* [SOURCE INFORMATION]

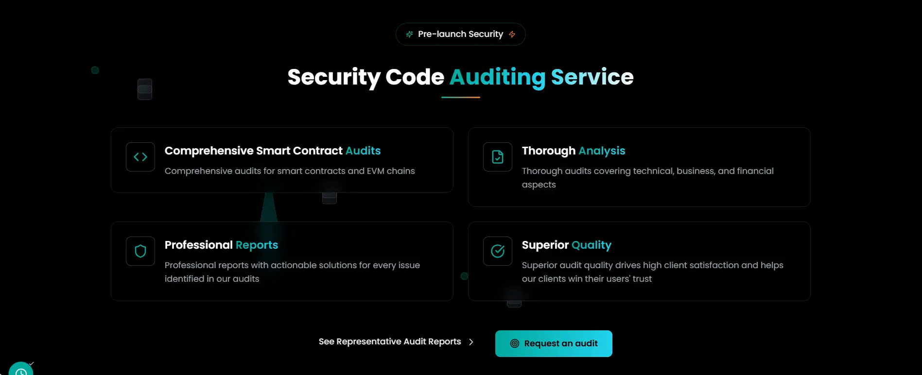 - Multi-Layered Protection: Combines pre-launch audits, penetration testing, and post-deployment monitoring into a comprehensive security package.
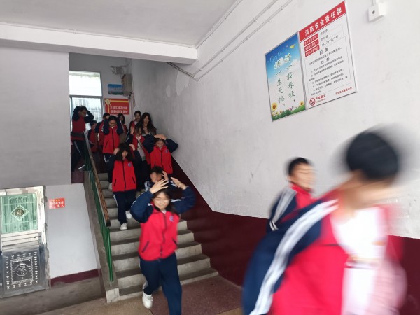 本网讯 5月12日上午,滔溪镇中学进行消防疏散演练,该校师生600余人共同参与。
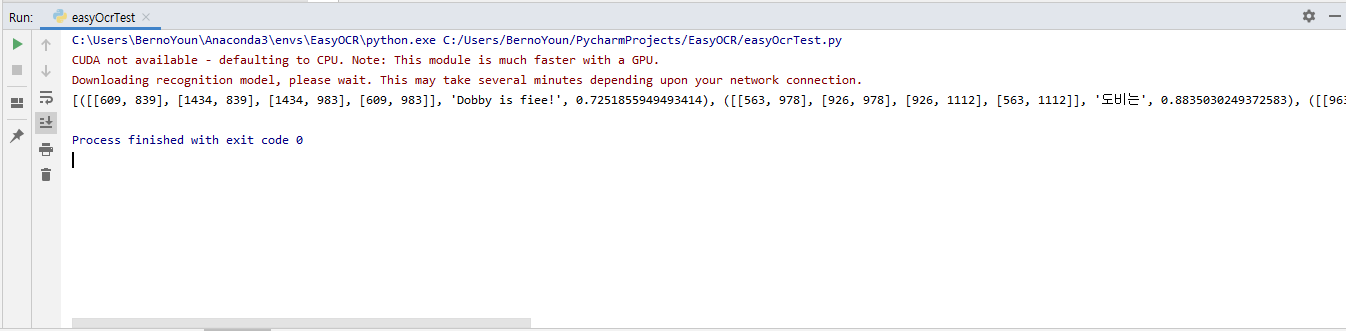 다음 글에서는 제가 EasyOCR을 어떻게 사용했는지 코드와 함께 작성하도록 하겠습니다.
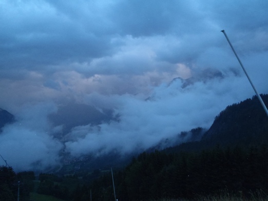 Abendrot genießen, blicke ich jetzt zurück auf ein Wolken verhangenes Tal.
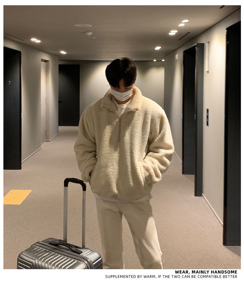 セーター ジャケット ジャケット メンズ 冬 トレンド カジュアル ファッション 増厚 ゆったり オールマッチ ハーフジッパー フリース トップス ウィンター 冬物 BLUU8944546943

* [WHAT IS REQUIRED] Your answer should contain only the lines from the beginning of the listing above through the line with "다음 글에서는 제가 EasyOCR을", copied exactly and without the pictures.

* [COMPLETED EXERCISE]
 - Multi-Layered Protection: Combines pre-launch audits, penetration testing, and post-deployment monitoring into a comprehensive security package.
 本网讯 5月12日上午,滔溪镇中学进行消防疏散演练,该校师生600余人共同参与。
 다음 글에서는 제가 EasyOCR을 어떻게 사용했는지 코드와 함께 작성하도록 하겠습니다.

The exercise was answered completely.